Navigating Life w/Dad

By Lori Welch Brown

Navigating Life w/Dad

I enjoyed a great, middle-class childhood.  It wasn’t perfect, but my three brothers and I transitioned to adulthood without a single appearance on Dateline and no one in the Prince William County police force knows us on a first-name basis.  I didn’t raise any children, but I know that launching four kids into adulthood without jail time and/or massive therapy bills is an amazing feat worthy of celebration.  We didn’t have a lot of money, but we never went without. Dad worked hard to put a roof over our heads, and my brothers and I were fortunate to grow up under the watchful eye of a stay-at-home mom.  We came home when the street lights came on, and we passed the evenings watching The Rockford Files together as a family.  There was no helicopter parenting and/or buying our admission into fancy colleges, but they did spring for little league uniforms and equipment.  We grew up with a lot of rules set by the people paying the bills, and we were free to leave any time we felt we couldn’t follow them.

Amazing Feat #2:  My parents’ marriage lasted 52 years until Mom’s passing in 2006.  Speaking as a woman who has less than five years of marriage under her matrimonial belt, I am humbled and in awe.   

I’m the baby of the family and the only girl.  Dad and I were already close, but we have gotten even closer since Mom passed.  He and I have always shared a special bond.  Don’t get me wrong—I loved my mother, but Dad and I always had each other’s backs.  Dad set the curfews growing up, but he was also the one who gave you the nudge needed to leave the nest on your own and go explore.  I remember the first time asking to leave their side at the mall.  Mom immediately said, “No—stay here with us.”  It was Dad who said, “It’ll be alright.  Meet us by Orange Julius in thirty minutes.”  Those first few bursts of teenage freedom and independence were euphoric and mostly thanks to Dad.  He is also the one who took us out in the ocean to ride waves for the first time while Mom watched from the safety of her beach towel.  I only just recently discovered that my Dad never really knew how to swim, but somehow he managed to help us navigate our way not only around those waves, but life in general.

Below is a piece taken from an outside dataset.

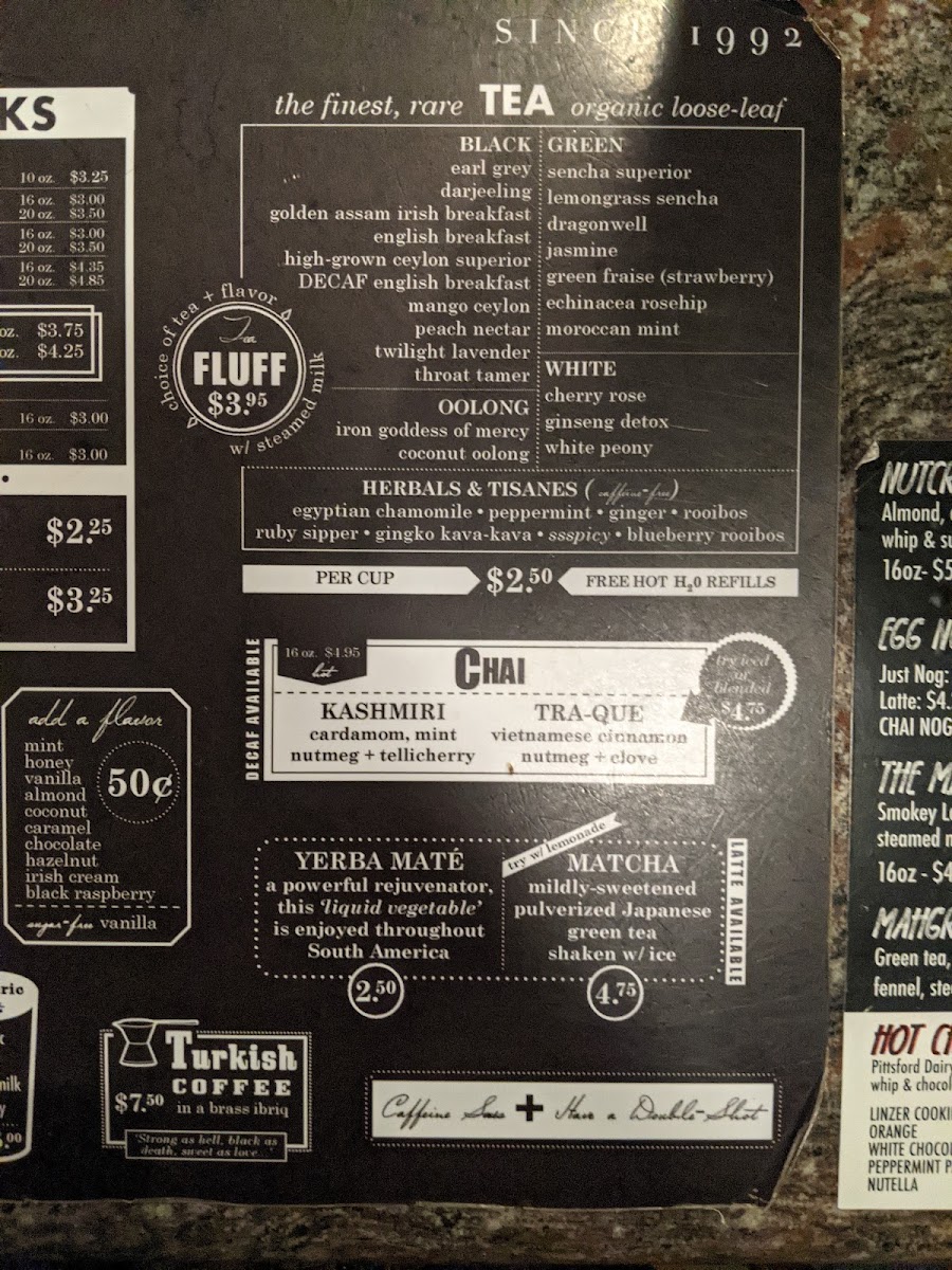 Java's Cafe in Rochester offers a thoughtfully crafted menu that centers on locally roasted coffee with rich, intense espresso options like the classic Americano and the frothy Cappuccino. Coffee lovers will also enjoy the unique Hot Cocaine, a daring blend of coffee and espresso. Their tea selection is equally impressive, featuring a range of green teas like Sencha Superior and Organic Jasmine, alongside soothing herbal blends such as Organic Egyptian Chamomile and Rooibos. While some longtime patrons miss the made-to-order chai, the cafe still delights with its well-rounded offerings, including tasty pastries like strawberry lemon tart and hearty oatmeal raisin cookies. The atmosphere is cozy and spacious, perfect for savoring a perfectly crafted mocha latte or a creamy Cafe Au Lait. Friendly baristas and a welcoming vibe add to the overall experience, making Java's Cafe a standout spot for both casual sips and work sessions.

Dad started seeing a lady a couple of years after Mom passed.  It was awkward at first to watch him with someone other than Mom, but my brothers and I were thrilled to see Dad starting a new, post-mom chapter.  Our motto through everything has been “whatever makes Dad happy.”  About two years into their relationship, they decided to relocate from Virginia to Florida.  It was the first time in my life that my father was more than an hour away, and it took some getting used to only being able to see him a couple of times a year.  He had never lived outside of Virginia (except for his time in the military) so I think it was exciting for him at first.  Frankly, I think it took a lot of courage to make such a big change at that stage of his life, leaving his comfort and familiarity behind.  Unfortunately, age and failing eye sight have been creeping up on Dad these past few years so his partner has taken on more of a caretaker role which has been hard on both her and him.  He can no longer do the things he loved – like mowing the lawn, taking care of the yard, fixing anything and everything.  It’s been hard to watch from the outside looking in, and so I can only imagine how frustrating it is for him.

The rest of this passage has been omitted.